-- Opening Marker --
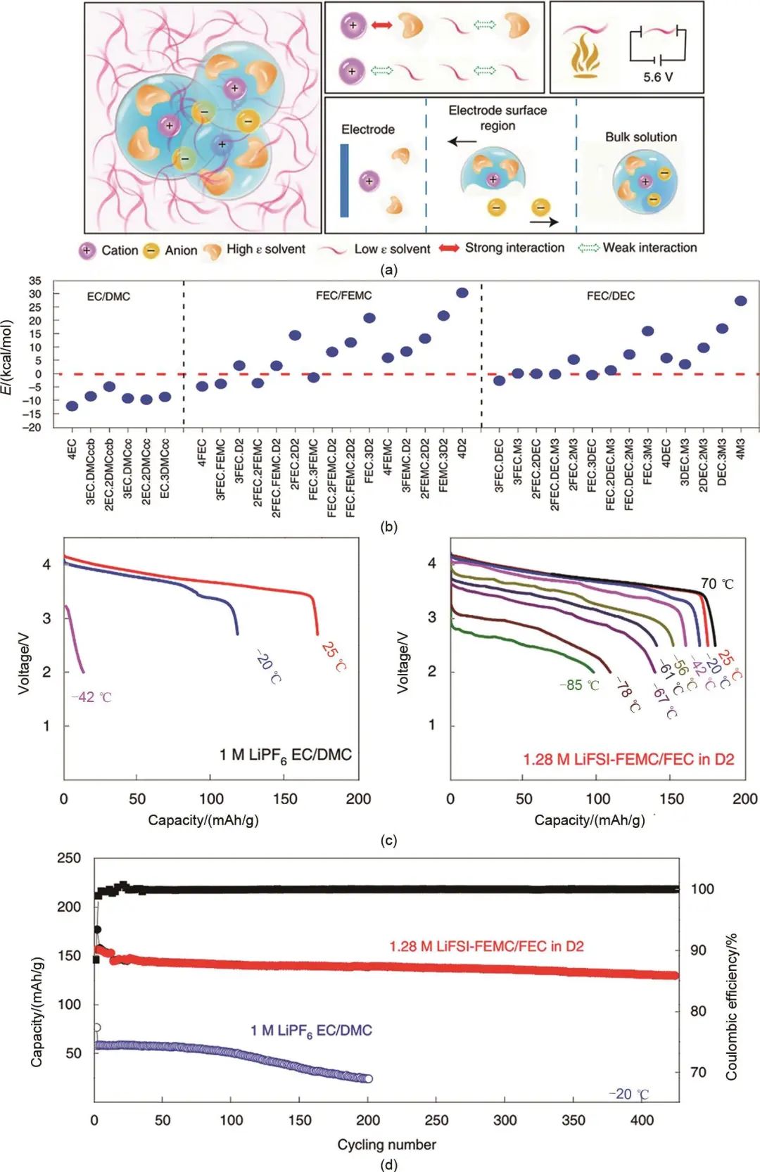 值得注意的是,對(duì)于傳統(tǒng)的碳酸酯基電解液,EC在溶劑中的占比被認(rèn)為是決定LIBs低溫性能的關(guān)鍵。EC由于具有高介電常數(shù),在溶劑化結(jié)構(gòu)研究中會(huì)優(yōu)先和Li+緊密結(jié)合,使得在去溶劑化時(shí)會(huì)提供較大的能壘阻礙,因此高EC含量不利于鋰電池的低溫性能。但是由于EC和石墨負(fù)極的特殊相容性,EC在目前的鋰離子電池電解液中仍然是必不可少的,無EC的電解液往往無法保證在石墨負(fù)極上形成穩(wěn)定的SEI膜,導(dǎo)致溶劑共嵌、電解液分解、石墨剝離等不利現(xiàn)象發(fā)生。因此設(shè)計(jì)一款低EC含量的電解液是LIBs低溫電解液設(shè)計(jì)的未來發(fā)展方向。
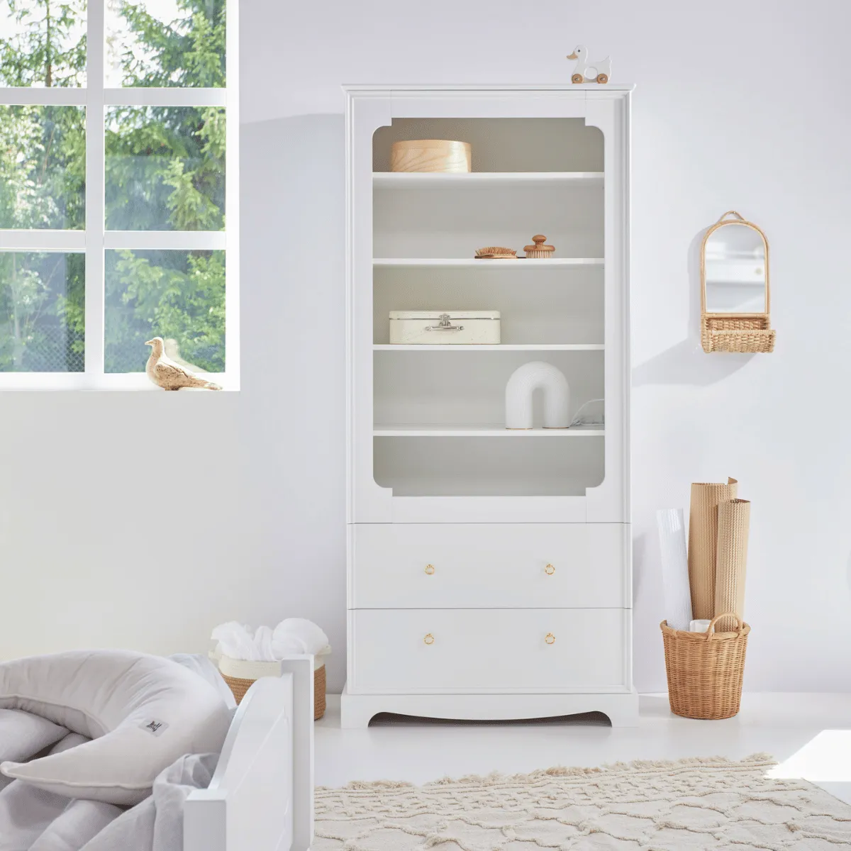Biały kolor mebla i dekoracyjne złote uchwyty nadają regałowi elegancki, szlachetny wygląd, który doskonale pasuje do klasycznych i stylowych aranżacji pokoju dziecka.
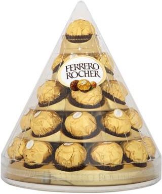 Niektóre słodycze są tak pyszne, że znikają bardzo szybko ze stołu. Jednym z takich właśnie przysmaków są popularne praliny FERRERO ROCHER, które mają bardzo oryginalny i niepowtarzalny smak. Praliny te doskonale nadają się na prezent, gdyż prezentują się bardzo ładnie. Eleganckie opakowanie sprawia, że FERRERO ROCHER Praliny można wręczyć najważniejszej dla nas osobie i zobaczyć uśmiech na jej twarzy. Połączenie pysznego, delikatnego smaku i zupełnie innego wyglądu sprawiło, że czekolada Ferrero Rocher 350g stała się wyjątkowym „gorącym hitem” prezentu na koniec roku. Wystawiając tacę ze słodyczami podczas święta Bożego narodzenia lub sprytnie dekorując ją jak choinkę, w ramach tej wyjątkowej i imponującej linii produktów znajdziesz niezliczone sugestie. Elegancję tego smakołyku podkreśla wytworne opakowanie w kształcie choinki (stożka). Data minimalnej ważności: 20.04.2025 Składniki: CZEKOLADA MLECZNA 30% (cukier, masło kakaowe, miazga kakaowa, odtłuszczone MLEKO W PROSZKU, CZYSTE MASŁO W TŁUSZCZU, emulgator lecytyny (SOJA), wanilina), ORZECHY LASKOWE (28,5%), cukier, olej palmowy, MĄKA PSZENNA, SŁODKA SERWATKA W PROSZKU, kakao o niskiej zawartości tłuszczu, emulgator lecytyny (SOJA), Środek spulchniający: wodorowęglan sodu, sól niskotłuszczowa, wanilina. Wartości odżywcze na 100 g: Wartość kaloryczna: 603,00 kilokalorii (kcal) Wartość kaloryczna: 2 506,00 kilodżuli (kJ) Tłuszcz: 42,70 Tłuszcz, w tym nasycone kwasy tłuszczowe: 14,10 Węglowodany: 44,40 Węglowodany, w tym cukier: 39,90 Białko: 8,20 Sól: 0,15 Informacje dla alergików Zawiera: Mleko i produkty mleczne (łącznie z laktozą), orzechy i produkty z orzechów, zboża zawierające gluten i produkty zbożowe zawierające gluten, soję i produkty sojowe. Kraj pochodzenia: Fr
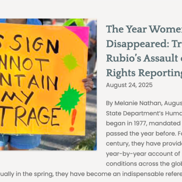 By Melanie Nathan, August 24, 2025 The U.S. State Department’s Human Rights Reports began in 1977, mandated by legislation passed the year before. For nearly half a century, they have provided an unbroken, year-by-year account of human rights conditions across the globe. Published annually, usually in the spring, they have become an indispensable reference for … More The Year Women Disappeared: Trump and Rubio’s Assault on Human Rights Reporting
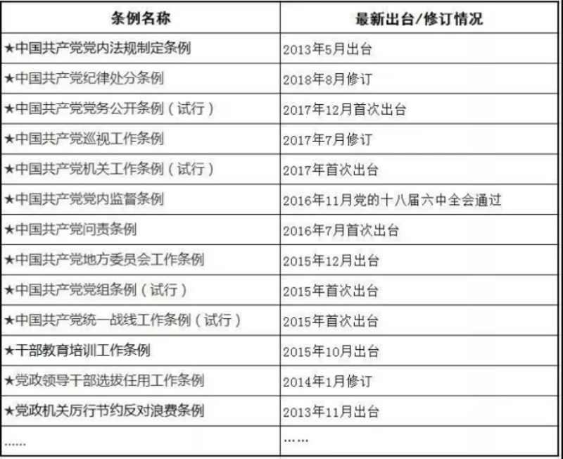 党的十八大以来,出台或修订的“条例”很多,如:
-- Closing Marker --
## What you are asked to do
Exact repetition required: repeat the first line of the listing above, the line containing "Biały kolor mebla", and every line between, leaving out pictures.

## Exercise response
 值得注意的是,對(duì)于傳統(tǒng)的碳酸酯基電解液,EC在溶劑中的占比被認(rèn)為是決定LIBs低溫性能的關(guān)鍵。EC由于具有高介電常數(shù),在溶劑化結(jié)構(gòu)研究中會(huì)優(yōu)先和Li+緊密結(jié)合,使得在去溶劑化時(shí)會(huì)提供較大的能壘阻礙,因此高EC含量不利于鋰電池的低溫性能。但是由于EC和石墨負(fù)極的特殊相容性,EC在目前的鋰離子電池電解液中仍然是必不可少的,無EC的電解液往往無法保證在石墨負(fù)極上形成穩(wěn)定的SEI膜,導(dǎo)致溶劑共嵌、電解液分解、石墨剝離等不利現(xiàn)象發(fā)生。因此設(shè)計(jì)一款低EC含量的電解液是LIBs低溫電解液設(shè)計(jì)的未來發(fā)展方向。
Biały kolor mebla i dekoracyjne złote uchwyty nadają regałowi elegancki, szlachetny wygląd, który doskonale pasuje do klasycznych i stylowych aranżacji pokoju dziecka.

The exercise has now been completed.